Маша рассказала, что однажды в ее комнате было холодно, и она решила пойти спать к маме. Место рядом с мамой было занято Эрни, который, видимо, тоже замерз. Маша пристроилась посередине.
– Я лежу, пытаюсь уснуть и вдруг начинает храпеть Эрни. Только он перестает, как начинает храпеть мама. И они так по очереди храпят, а иногда дружно. Ну вот как с ними спать?
* * *
Встретила соседку по подъезду, хозяйку корги Дори. Всегда благодушная и доброжелательная Дори выглядела не очень. Как и ее хозяйка.
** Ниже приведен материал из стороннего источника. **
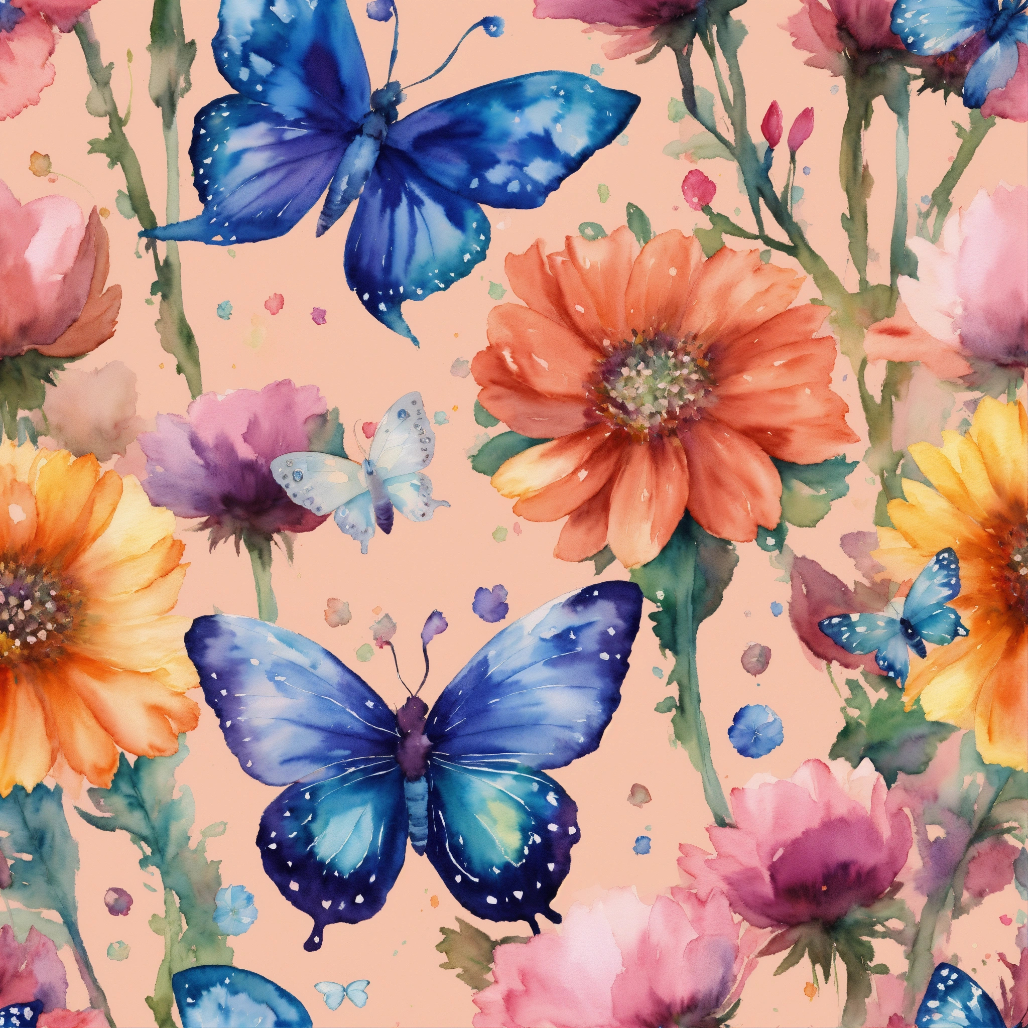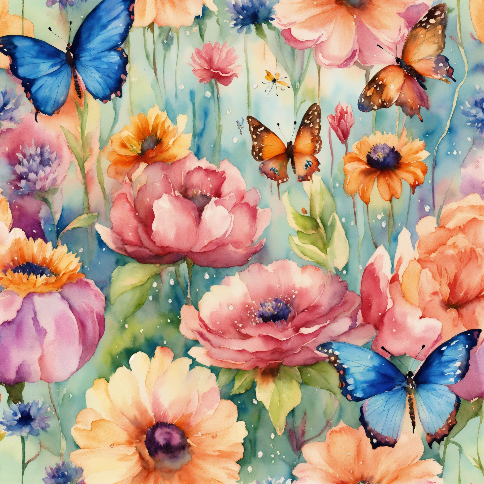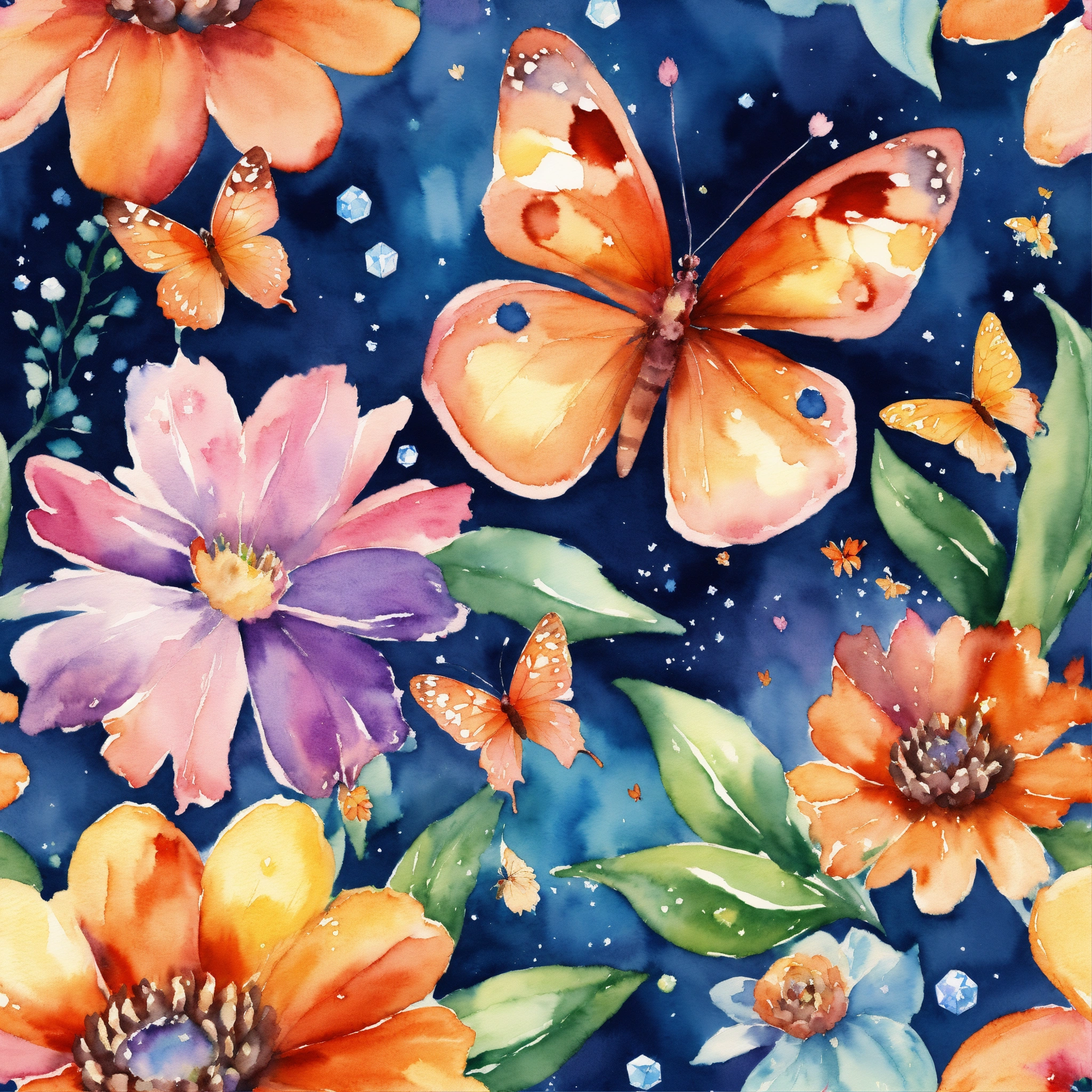 Floral vignette, colorful paint dripping flowers, diamonds, butterflies. intricate detail, illustration, painting, whimsical, dreamlike. butterflies, cartoon ghibli style . watercolor. seamless pattern

– Не выспались? – спросила я.
– Да какой там… – махнула рукой соседка.
Вчера к ним приходили гости – друзья с маленькой дочкой. Малышке чуть больше годика. Ходит еще неуверенно. Девочка дотопала из комнаты до коридора, где обнаружила мягкую и красивую лежанку, да еще и с игрушками. Девчушка туда забралась и уснула, обняв плюшевого зайца. Родители наконец хватились ребенка, искали по всем комнатам и шкафам. Хозяйка в это время звала Дори – покормить. Ни малышка, ни собака на зов не откликались. Наконец хозяева и гости догадались выбежать в коридор, где застали сцену – спящий в собачьей лежанке ребенок и собака в ступоре и чуть ли не с сердечным приступом. Мало того что заняли ее законное место, так еще и любимую игрушку забрали. Но корги – очень вежливые и добрые собаки, поэтому Дори не могла вытащить ребенка, отобрать игрушку и показать, кто здесь хозяин. Она сидела и смотрела на спящую захватчицу. Малышку разбудили, зайца отобрали, Дори дали вкусняшек вне графика питания. Разбуженная девочка рыдала, требуя зайца назад. Дори не реагировала на вкусняшки. Да еще и описалась, чего с ней с щенячьего возраста не случалось. Гости спешно ушли. Дори не могла занять свою лежанку, поскольку та пахла ребенком, и ходила вокруг, пока сердобольная хозяйка не забрала ее в постель. Утром лежанку отпарили пылесосом-парогенератором. И зайца заодно. Но Дори все еще страдала. Соседка предлагала купить новую лежанку, муж был против. Он в общаге жил, и ничего, как-то выжил, учитывая, сколько людей лежало на кровати до него.
* * *
Недельный отпуск стирается за три дня работы. Но есть что вспомнить. На встрече с читателями, организованной во время отпуска, подошел мужчина – чуть за тридцать, привлекательный, вежливый, тактичный.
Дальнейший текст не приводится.